The best songs endure, sharing fresh facets with every listen.
Seth Swirsky’s “Circles and Squares” falls into the latter category.
The pop prince behind “Watercolor Day” and “Instant Pleasure” packs layer after layer of melodic treasures into his newest album. They reveal themselves tenderly, like a lover letting personal details emerge with every date.
Each spin uncovers an irresistible riff, a backing vocal that slips into place that you may have missed the first time.
Power Pop and More
“Circles and Squares” lets the singer/songwriter open up in ways unlike the ’60s musicians which inspire him.
He’s simultaneously content and curious, inviting us to explore his creative process. And he’s never sounded better.
“Shine” kicks off the album, a blast of summer heat that flows into the title track. The former feels like a spiritual cousin to “Watercolor Day’s” best material. It’s more restless, eager to push where a pop song can and should roam.
That title track is catchy in all the right ways while signaling the album’s confessional tone. It’s uplifting, not bittersweet. That comes later. For now, swoon over the baritone chorus behind the frisky guitars.
“Take your money and go, I don’t need fame anymore,” he sings. He’d rather follow his own muse, thank you.
“Old Letters” digs into past relationships, buoyed by a knockout chorus within a chorus structure. It ends on a sly note that might make fans of the Monkees’ underrated gem “She” grin. Or maybe wince, for those still pining for a lost love.
One Man Band
Swirsky plays nearly every instrument on the album. It’s how he layers each sound, though, that pops out of the speakers. His sonic instincts are so assured there’s rarely an unnecessary texture or riff.
“Let’s Get Married” offers fewer pleasures than most of the album’s tracks. Even it slathers on the guitar licks for a modest but inviting crescendo.
The best tracks deconstruct just what it means to be a pop star. “Table” is an unabashed delight, yet all it does is survey Swirsky’s work environment. It’s “Circles and Squares” at its most irresistible, and it’s surprisingly humble.
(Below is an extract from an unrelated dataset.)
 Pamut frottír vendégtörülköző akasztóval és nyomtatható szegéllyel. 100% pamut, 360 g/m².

“I must confess I know where everything is…” he sings, scanning his messy desk top. Once more, we’re in the singer’s creative zone, hearing him fashion melodies out of anything within reach.
FAST FACT: Seth Swirsky is the author of “Baseball Letters: A Fan’s Correspondence with His Heroes.” The book features his letters to both sports legends and lesser-known athletes.
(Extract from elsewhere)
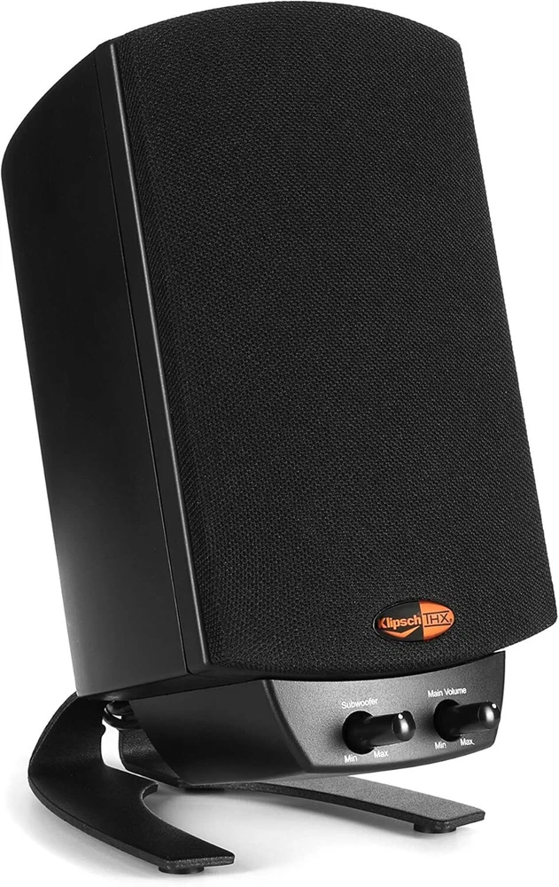 signal-to-noise ratio: 106 dB mounting type: Tabletop Mount special feature: Exclusive Klipsch MicroTractrix® Horn Technology, Clean Bass item model number: FBA_90524082714 speaker size: 6.5 power source: Corded Electric global trade identification number: 00743878014013, 00743878024524, 00743878011586 compatible devices: MP3 Player, Gaming Console, Television, Personal Computer number of batteries: 1 Lithium Ion batteries required. subwoofer diameter: 9.8 Inches manufacturer: Klipsch gtin13: Does not apply controller type: Corded Electric Material: MDF, Acrylonitrile Butadiene Styrene (ABS) Connectivity: Not Supplied maximum range: 20 Meters includes mp3 player?: No audio driver type: Dynamic Driver surround sound channel configuration: 3.1 dimensions: 9.8"D x 9.5"W x 10.2"H subwoofer connectivity technology: Wired warranty type: Full Warranty battery life: 20 years is waterproof: FALSE specific uses for product: Gaming batteries: 1 Lithium Ion batteries required. number of items: 1 Type: Not Supplied model name: Pro Media 2.1 recommended uses for product: For Computers speaker type: Subwoofer woofer diameter: 6.5 Inches control method: Remote is discontinued by manufacturer: No Model: Not Supplied included components: Two satellite speakers, one subwoofer, two 9.5-foot lengths of weight: 2.1 pounds Brand: No Brand UPC: Does not apply package type: Standard Packaging

“Belong” is darn near perfect, cushioned by jangly guitars and mournful strings. And just when you think it can’t get better, the musical bridge arrives.
A Bit of Burt
“Sonic Ferris Wheel” follows, incorporating classic Bacharach-style horns. Like everything else in Swirsky’s retro playbook, it’s homage, never thievery. You can almost see Burt Bacharach nodding in approval, his fingers starting to snap.
“Let’s Go to Spain” should be a breezy, wish fulfillment lark powered by hand claps. Instead, the guitar bits start stacking up. Suddenly, you’re humming along with a brisk ’60s rocker.
“I Don’t Have Anything (If I Don’t Have You)” is pure romance, a ballad shirking material goods for what truly matters.
“Got gold records hanging on my wall, but without your love, baby, you can take ’em all,” sings Swirsky, who once penned hits for Taylor Dayne, Al Green and Celine Dion.
WATCH: Seth Swirsky’s “Beatles Stories” documentary, interviewing people who had colorful brushes with the Fab Four, can be seen for free at SnagFilms.com.
“I Think of Her” brings the album to a gentle wrap. Swirsky’s voice is a delicate whisper, paired with a somber guitar. Other singers would have settled for that spare combination. Not this singer-songwriter. He introduces a dash of percussion and sounds from the beach to complete the mood.
After all, the beach is the perfect place to hear these songs.
The Finishing Touch
The singer didn’t just produce nearly every sound on “Circles and Squares.” He also painted the album’s cover. He treats his new release like a canvas. Each new stroke has a color, a sense of purpose.
It’s that structure, that penchant for placing notes in precisely the right spot, that ensures “Circles and Squares” will be awesome for a very long time.